» Work request
Write out exactly the lines from the one containing "You can double-click" through the last line of the records below, both included, and leave out any pictures.

↓

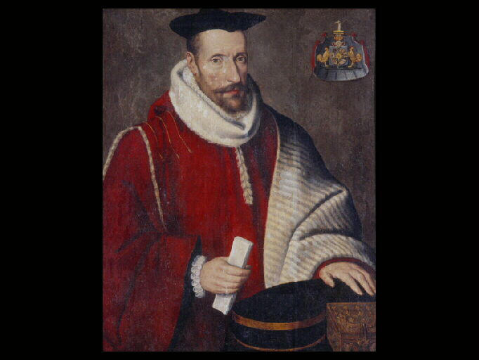 portrait (Godran Odinet, homme, parlementaire : Bourgogne, à mi-corps, de trois-quarts, droit, couvre-chef, armoiries)
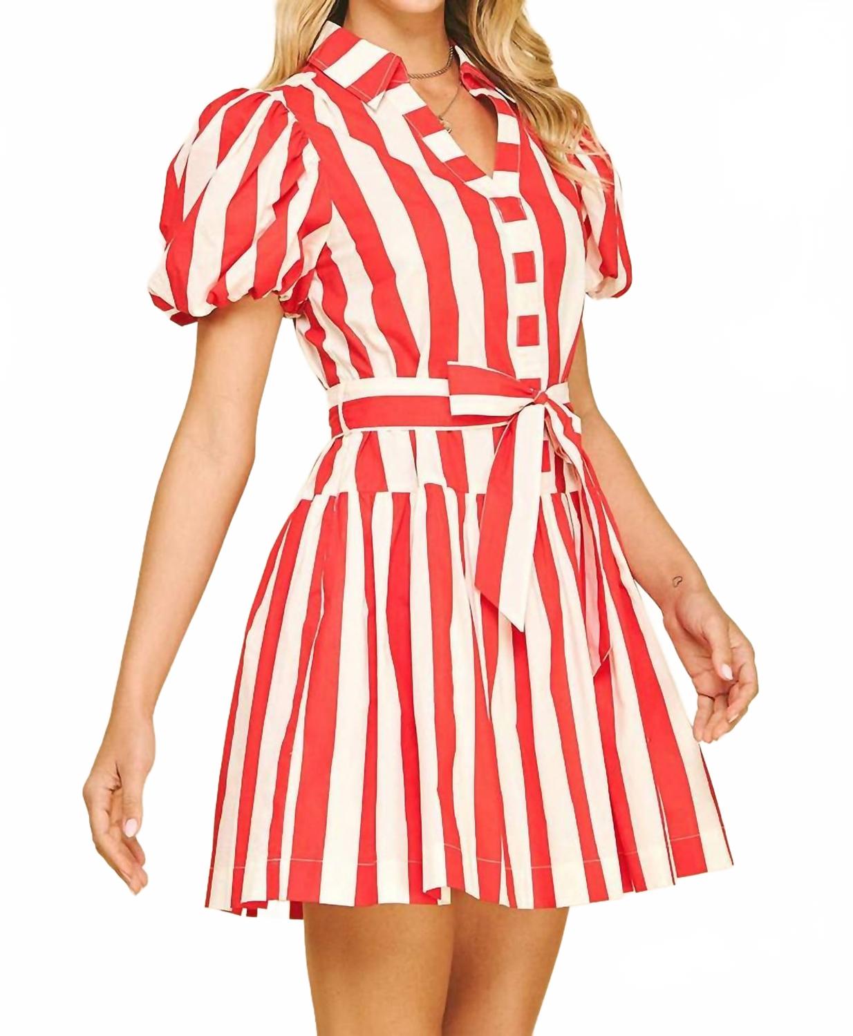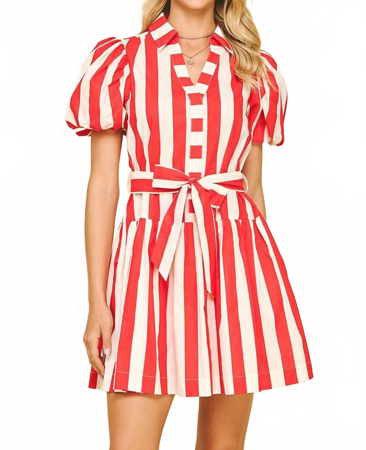Короткое и воздушное платье для теплых дней. Представляем мини-платье в полоску от PINCH - стильный и удобный вариант для вашего гардероба. Платье с короткими рукавами-фонариками и завязывающимся поясом на талии. Изготовленное из хлопка, оно обеспечивает воздухопроницаемость и имеет элегантный А-образный силуэт с классическим воротником. Это красное платье идеально подходит для праздничных вечеринок и других торжественных случаев. Оно имеет практичные боковые карманы и длину 88 см (размер S).
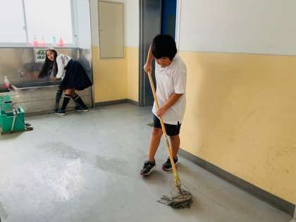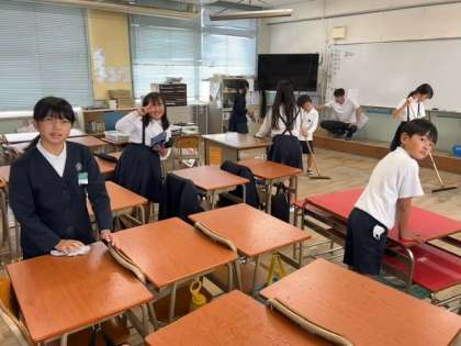 清掃活動にもくもくと取り組む、5年生の子どもたちです。
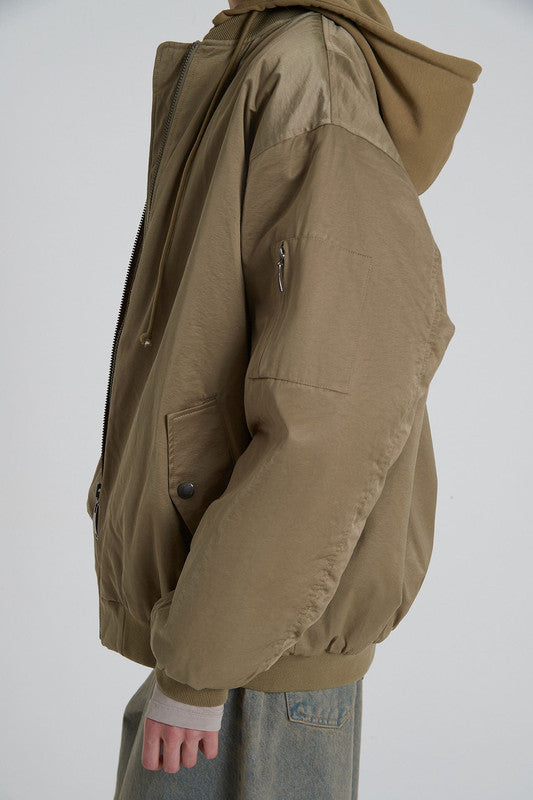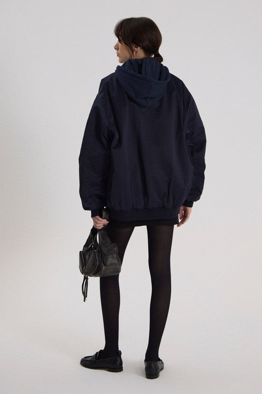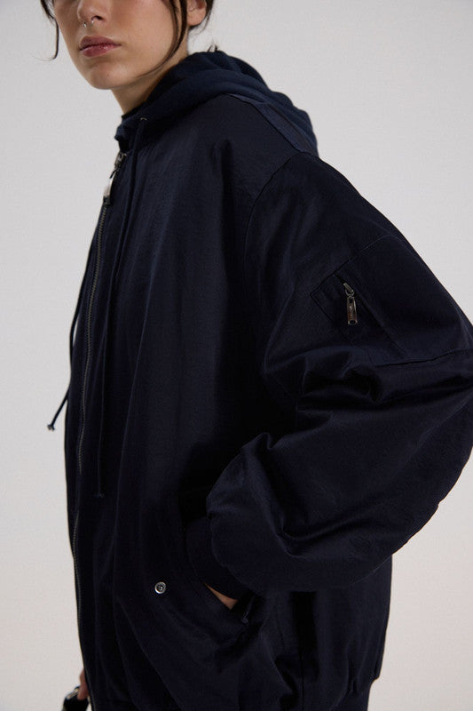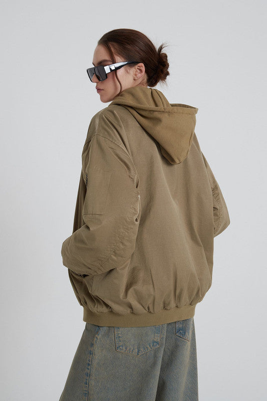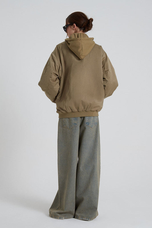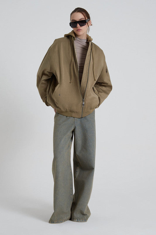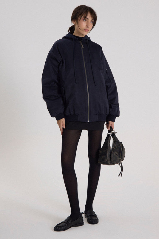Bomber Larga Con Silueta Loose. Cuenta Con Capucha Y Bolsillos Delantero. Acceso A Través De Cierre Delantero. 55% Algodón 32% Poliester 13% Poliamida
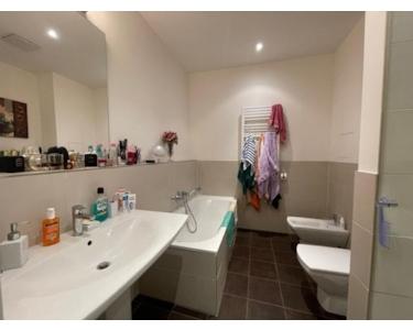 Das große Badezimmer ist mit Wanne, Dusche, Bidet und WC ausgestattet. Zusätzlich steht ein separates Gäste-WC zur Verfügung.
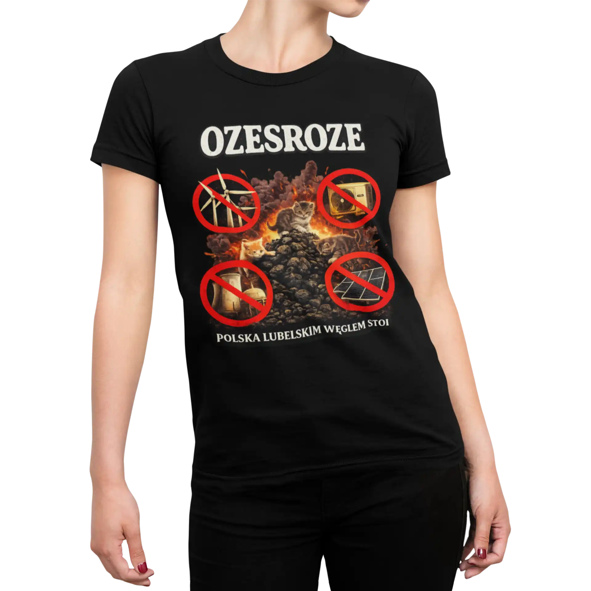 Koszulka „Ozesroze – Polska Lubelskim Węglem Stoi” to mocny i ironiczny komentarz do dyskusji o transformacji energetycznej.
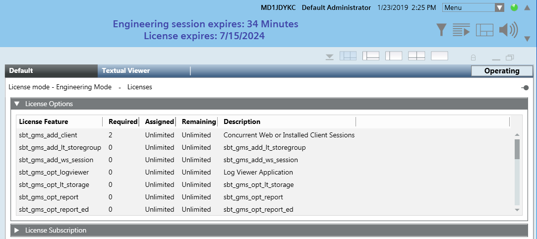 You can double-click on the blue Engineering Session text in the Summary bar to display all the details of the Engineering Mode license. The Assigned and Required columns will show Unlimited for the license features.
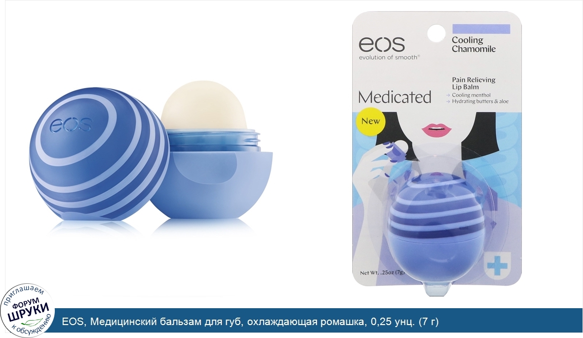 ru EOS, Медицинский бальзам для губ, охлаждающая ромашка, 0,25 унц. (7 г)

↑

» Answer to this problem
 You can double-click on the blue Engineering Session text in the Summary bar to display all the details of the Engineering Mode license. The Assigned and Required columns will show Unlimited for the license features.
 ru EOS, Медицинский бальзам для губ, охлаждающая ромашка, 0,25 унц. (7 г)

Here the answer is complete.